Why 440 Hz is the standard
For centuries, "A" meant something different in every city - baroque ensembles played near 415 Hz, Verdi-era Italy pushed for 432 Hz, and some late-romantic orchestras crept above 450 Hz, straining singers' voices. An international conference in London settled on 440 Hz in 1939, and ISO 16 formalized it in 1955. Today virtually all tuners, keyboards, and orchestras default to A4 = 440 Hz.
The choice was a practical compromise near the middle of the pitches then in use - there is nothing acoustically magical about 440 itself. Some European orchestras still tune slightly higher (441-443 Hz) for a brighter sound, and period-instrument ensembles deliberately tune lower for historical accuracy.
Tuning your instrument to 440 Hz
Play the tone above and tune your instrument's A until the two sound identical. When you are close but not exact, you will hear slow "beats" - a rhythmic wah-wah-wah as the two pitches interfere. Tune until the beating slows down and disappears entirely: that is perfect unison, accurate to better than 1 Hz by ear alone.

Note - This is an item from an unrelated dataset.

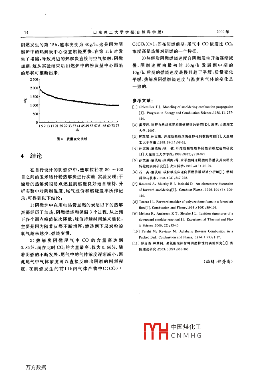 热解炭阴燃特性的实验研究

Guitarists tune the A string (A2, 110 Hz - two octaves below this tone) by matching its character rather than its exact pitch; the octave relationship is easy for the ear. Violinists and violists tune their A string (A4) directly against it. For all 12 chromatic reference notes across several octaves, use our pitch pipe, or our instrument tuner for instrument-specific presets.
440 Hz vs 432 Hz
You may have encountered claims that 440 Hz is harsh or was maliciously imposed, and that 432 Hz is the "natural" alternative. Historically, 440 Hz won standardization through committee pragmatism, not conspiracy. Audibly, the difference is about a third of a semitone - real but subtle. Play this tone and then our 432 Hz tone back to back and judge for yourself.